The general internal construction of the prismatic cell is similar to the cylindrical cell except the single positive and negative electrodes are now replaced by multiple electrode sets. Thus the trade-off for improved packaging in select applications is increased complexity in cell assembly with the corresponding increases in production cost.
Both cylindrical and prismatic nickel-metal hydride cells are typically two-piece sealed designs with metallic cases and tops that are electrically insulated from each other. The case serves as the negative terminal for the cell while the top is the positive terminal. Some finished cell designs, may use a plastic insulating wrapper shrunk over the case to provide electrical isolation between cells in typical battery applications.
In variation of this design, nickel-metal hydride cells are also being produced in prismatic versions such as that illustrated in Figure 2. The prismatic cells may fit more easily into volume-critical applications.
Fig.4 Structure Design of the Button type cell
BOKA Ni-MH batteries range in type from standard batteries to fast-charge batteries, or high temperature batteries for exclusive use as in capacity from 65 mAh to 25 Ah to meet diverse user requirements. Though each type has its own structural design according to its required performance, the basic structural design is identical.Fig.4 illustrated Construction of BOKA Button Battery.
Fig.5 Structure safety vent for BOKA Cylindrical Battery
Although BOKA Ni-MH batteries are designed to completely recombine gas generated within their casings. they have a safety vent, as illustrated in Fig.5 which opens automatically and releases.
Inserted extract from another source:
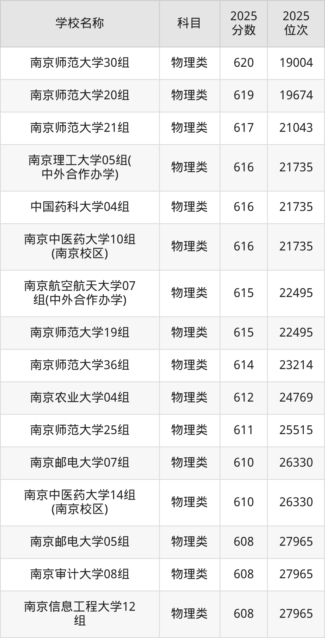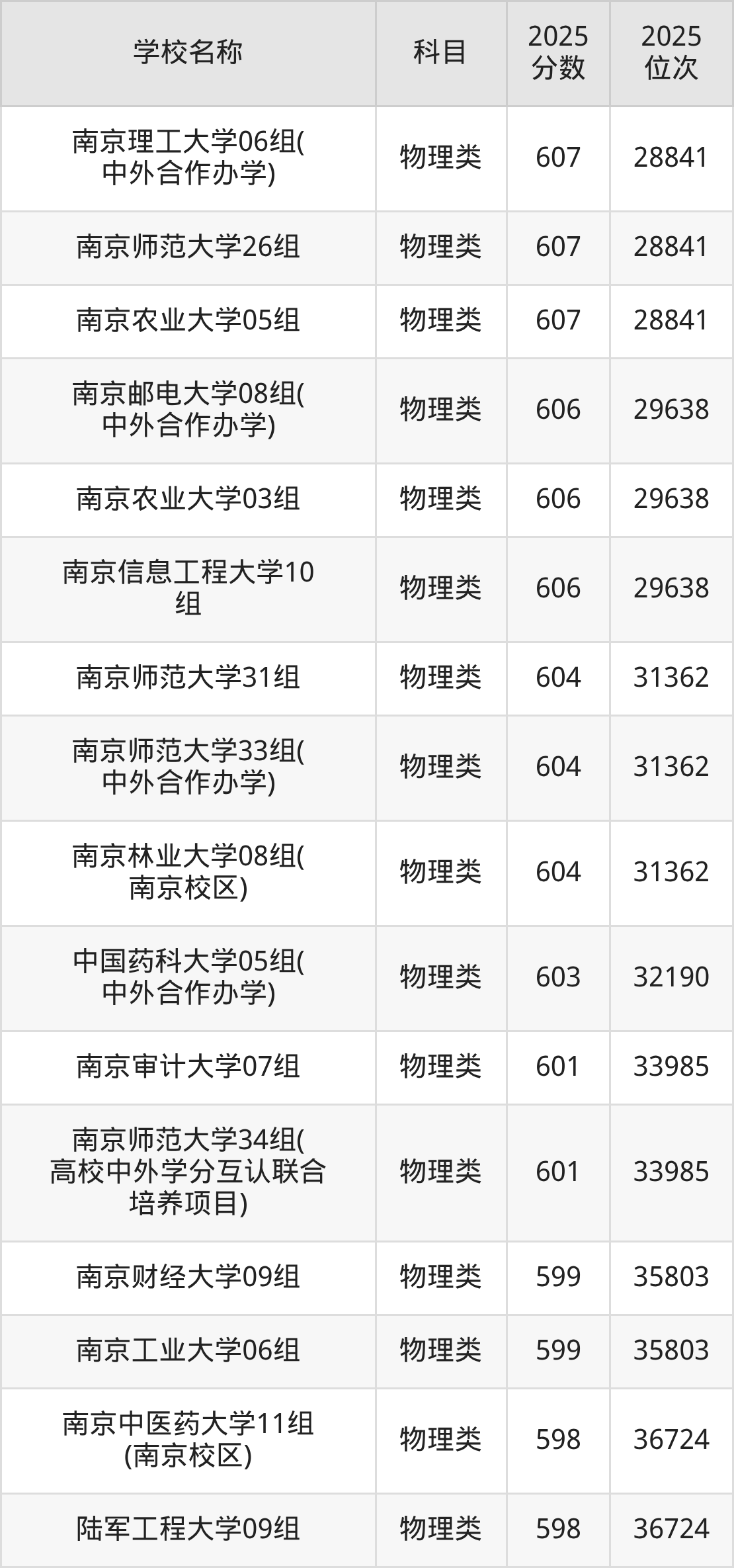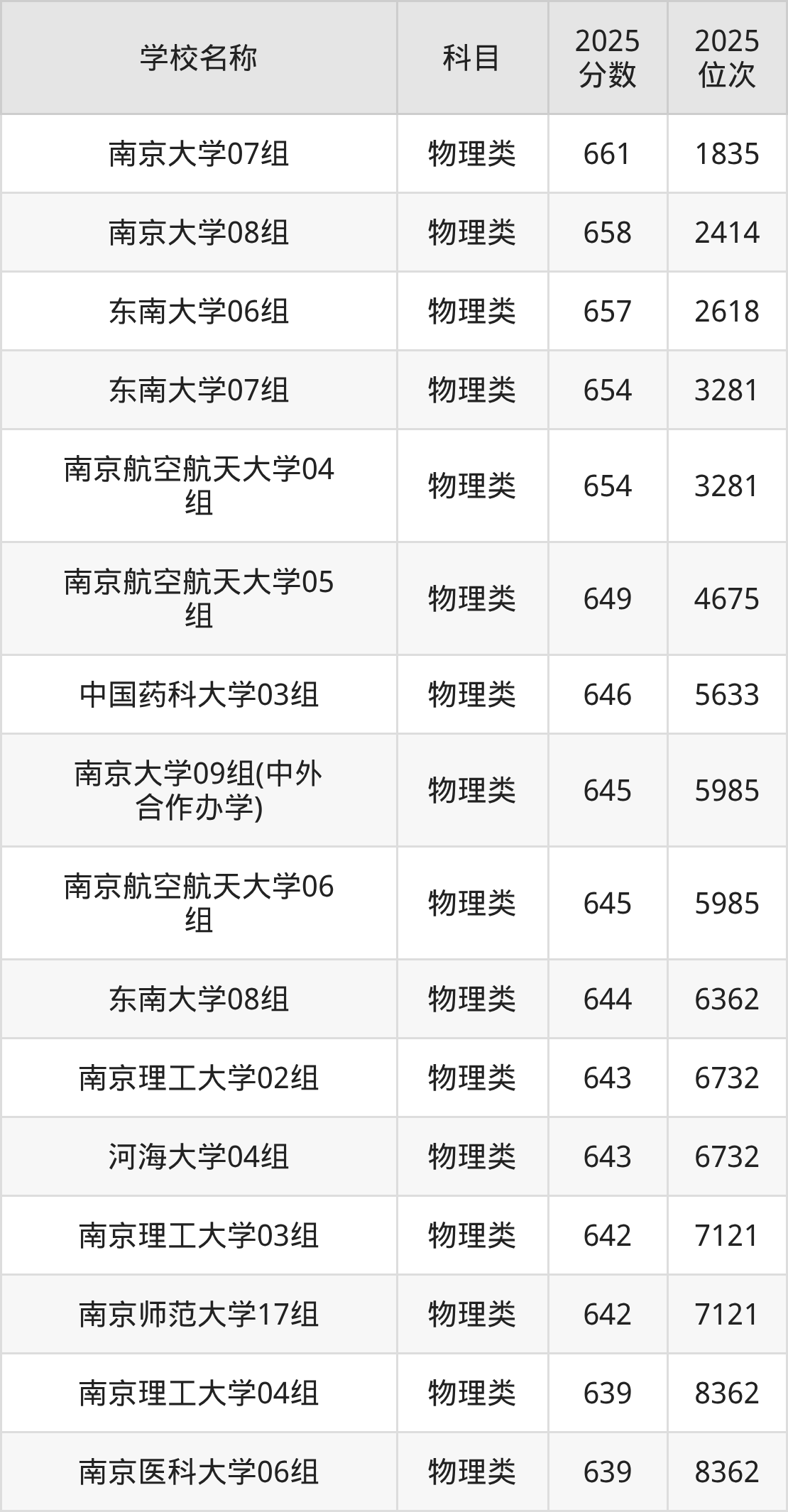 下文为2025年南京市一本大学在江苏物理类录取分数线和位次排名表,供大家参考:

Then it is resealed so that your battery can be used again. Furthermore, because BOKA Ni-MH`s original current collector is employed for both the positive and negative tabs, internal impedance is extremely small and excellent characteristics are exhibited, even under high-rate discharge conditions.
Charge Methods
The charge method for nickel-metal hydride batteries is almost same as Ni-Cd batteries.But there is slight different between them. For this reason, a special charger is necessary. In order for a battery to be usable for a long period of time, it must be charged via the proper charge method. Various methods are used to charge rechargeable cells, but We recommends the charge methods described below to charge its nickel-metal hydride batteries.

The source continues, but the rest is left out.